- Genre: Variety show
- Developed by: Rosie O'Donnell
- Written by: Seth Rudetsky; Hunter Foster;
- Directed by: Richard Jay-Alexander
- Starring: Rosie O'Donnell; Clay Aiken; Alec Baldwin; Jennifer Cody; Harry Connick Jr.; Gloria Estefan; Kathy Griffin; Jane Krakowski; Liza Minnelli; Alanis Morissette; Ne-Yo; Conan O'Brien;
- Country of origin: United States
- Original language: English

Production
- Executive producers: David Friedman; Rosie O'Donnell;
- Producers: Liza Persky; Alison Sandler;
- Camera setup: Single-camera
- Running time: 60 minutes
- Production companies: KidRo Productions; Universal Media Studios;

Original release
- Network: NBC
- Release: November 26, 2008

Related
- The Rosie O'Donnell Show; The Rosie Show;

= Rosie Live =

Rosie Live is a variety show starring Rosie O'Donnell that aired November 26, 2008 live from New York's Little Shubert Theatre on NBC. It contained singing, dancing, comedy routines and specialty acts. However, poor critical response and ratings doomed the project, and it was unofficially canceled.

==Production==
The show was produced by Universal Media Studios in association with O'Donnell's KidRo Productions. Rosie O'Donnell and David Friedman were the co-executive producers. The show was broadcast live in accordance with O'Donnell's preference for live programming instead of tape.

==Guests==
Ne-Yo and Alanis Morissette were the featured singers. Liza Minnelli and Gloria Estefan performed duets with O'Donnell. The Lombard Twins tap danced. Anti-Gravity performed a spinning act. The special also included performances by Rosie's Broadway Kids and guest appearances by Kathy Griffin, Conan O'Brien, Jane Krakowski, Harry Connick, Jr., Clay Aiken, Rachael Ray and Alec Baldwin.

Jennifer Cody appeared in a skit featuring O'Donnell as "Officer Lockstock" and Cody as "Little Sally", a reference to the off-Broadway show Urinetown. (Cody's husband, Hunter Foster, was in the original cast of Urinetown and was on the writing staff for Rosie Live.)

==Reception==
===Critical response===
The show received almost universally negative reviews from critics. The Los Angeles Times critic Mary McNamara wrote, "For those of us who are, and remain, Rosie fans, who think The View will never quite recover from her departure, who think her desire to resurrect the variety show was, and is, a great idea, disappointment does not even begin to describe it." TV Guide critic Matt Roush panned the show as "dead on arrival," while Variety wrote "If Rosie O'Donnell and company were consciously determined to strangle the rebirth of variety shows in the crib, they couldn't have done a better job of it than this pre-holiday turkey."

===Ratings===
The program finished in third place in its time slot, ahead of ABC and The CW but behind Fox and CBS.

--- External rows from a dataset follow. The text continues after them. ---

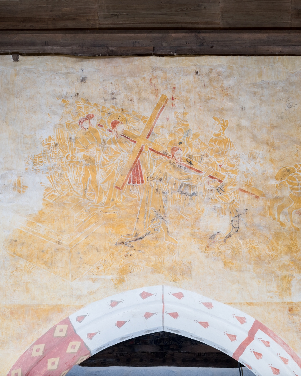 Peintures murales du XVe siècle. Le portement de Croix.Immatriculation
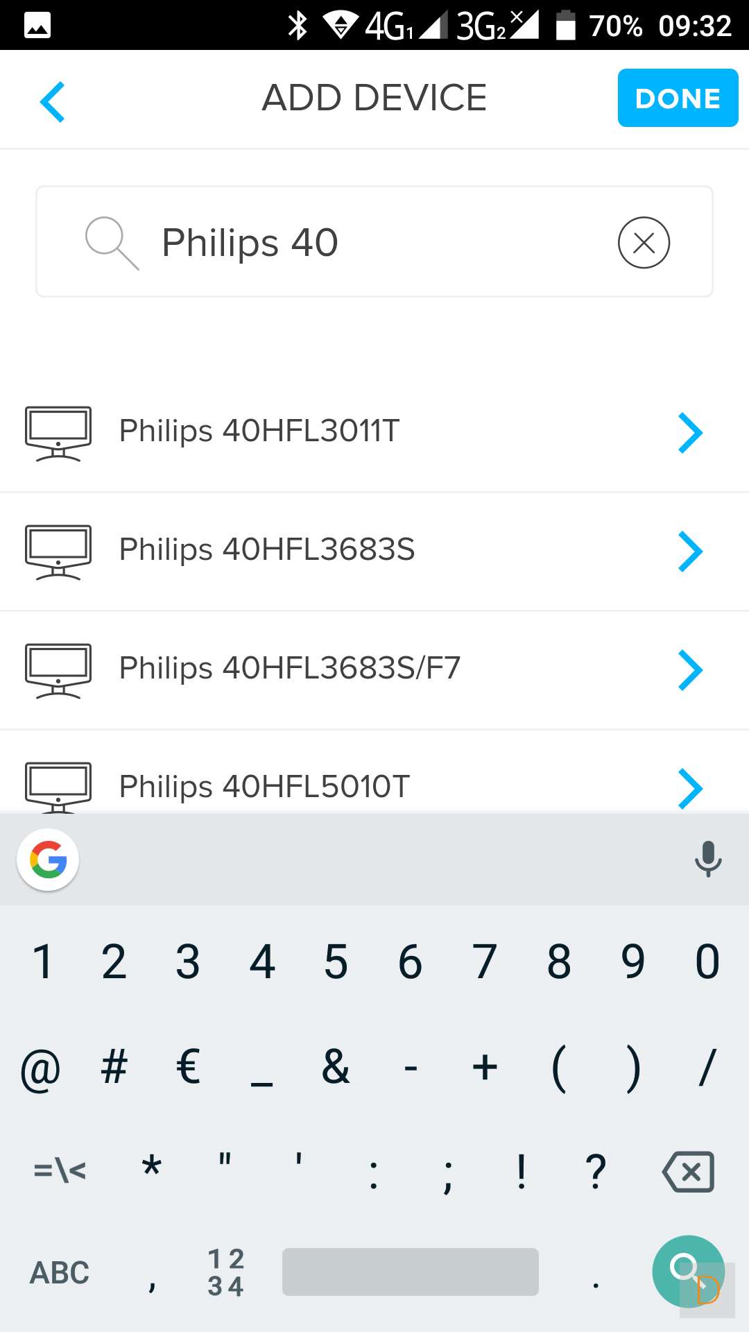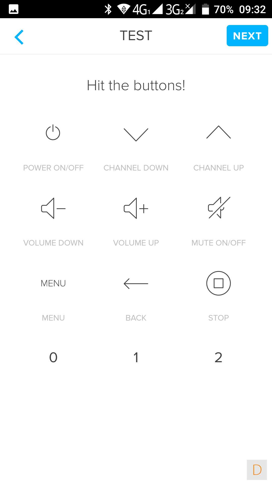 We beginnen met het installeren van mijn Philips TV welke via IR werkt. De installatie kun je starten door naar setting te gaan en op het plusje te klikken. Vervolgens zoek je het type nummer van je TV op. Mijn TV stond netjes in het rijtje. Hierna komen de verschillende knoppen te voorschijn en kun je deze direct testen.
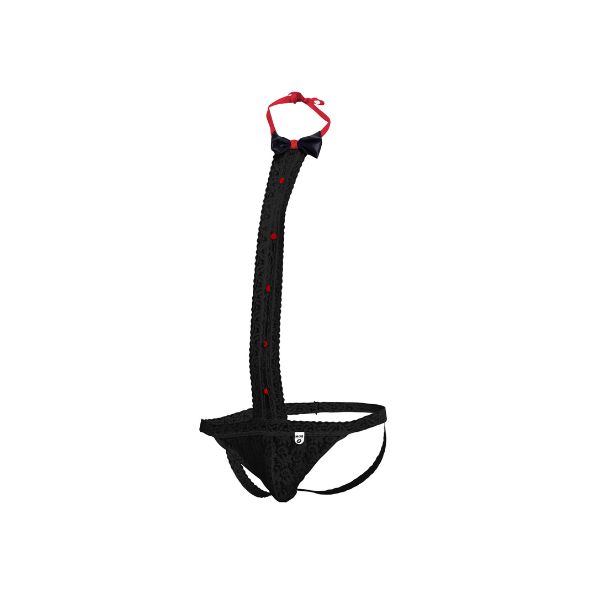Com cobertura mínima na parte de trás, uma bolsa respirável na frente suporta o pénis sem restringir o apelo sexual.
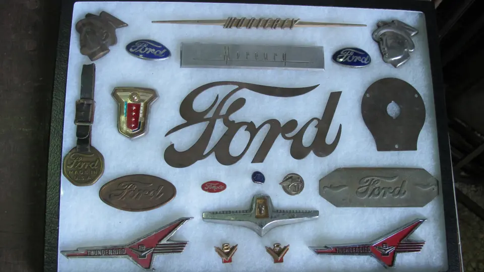 Ford badging including an early brass Model T radiator script.
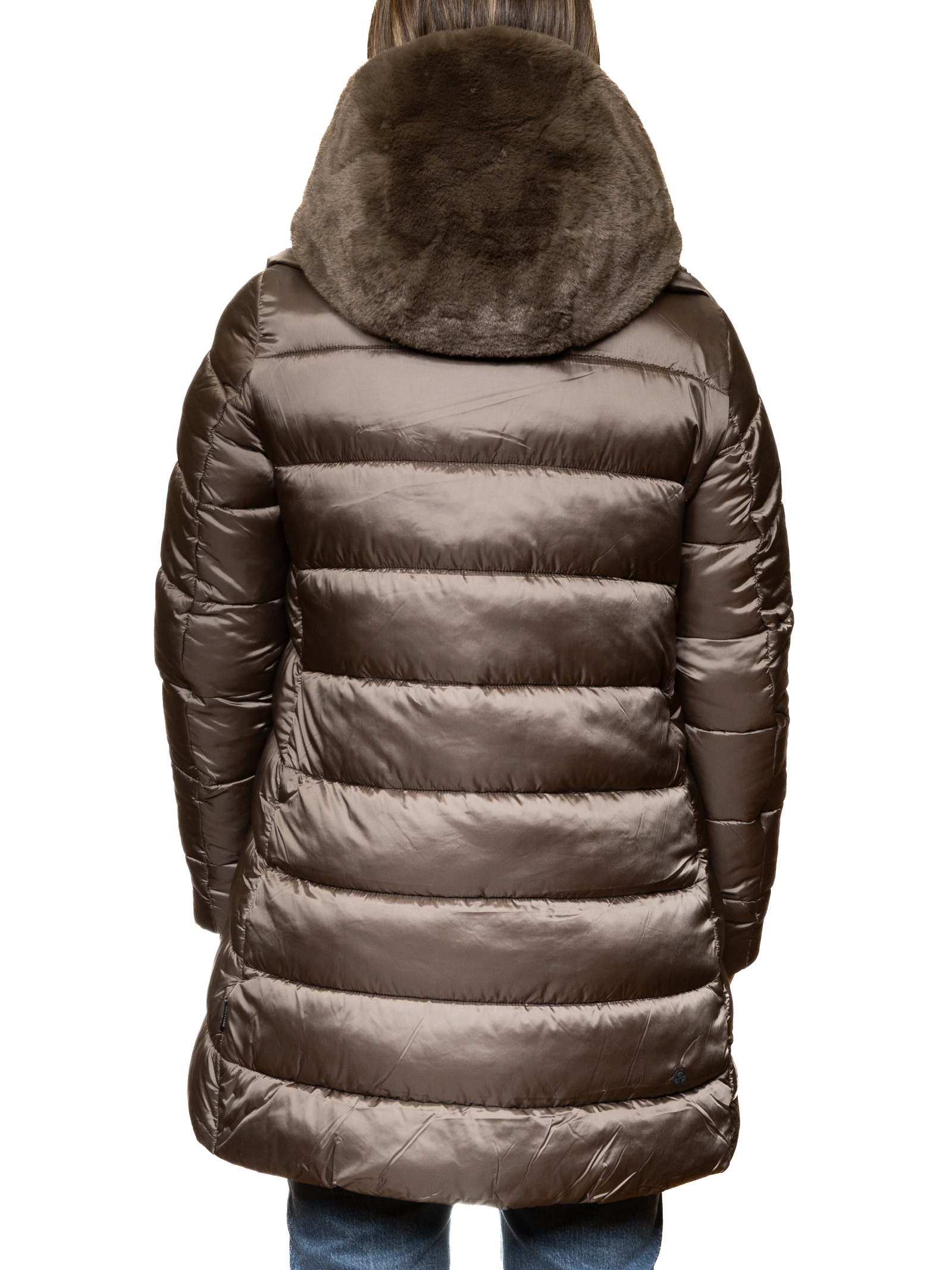 The quilted design and fitted silhouette flatter the figure, while the hood offers extra protection on colder days.

| Episode Number | Episode | Rating | Share | Rating/Share (18-49) | Viewers (millions) | Rank (Night) | Rank (Overall) |
|---|---|---|---|---|---|---|---|
| 1 | "Special/Pilot" | 3.5 | 6 | 1.2/4 | 5.25 | #3 | #11 |

==Cancellation==
Initial plans were to, if the show had been successful, use the special as a pilot episode for a series of new Rosie Live episodes beginning January 2009, which would have made it the first traditional variety show to air as a regular series in the United States since The Wayne Brady Show in 2001, and the first on NBC since Marie and the infamous Pink Lady and Jeff in 1980. However, Rosie Live did not return due to poor ratings.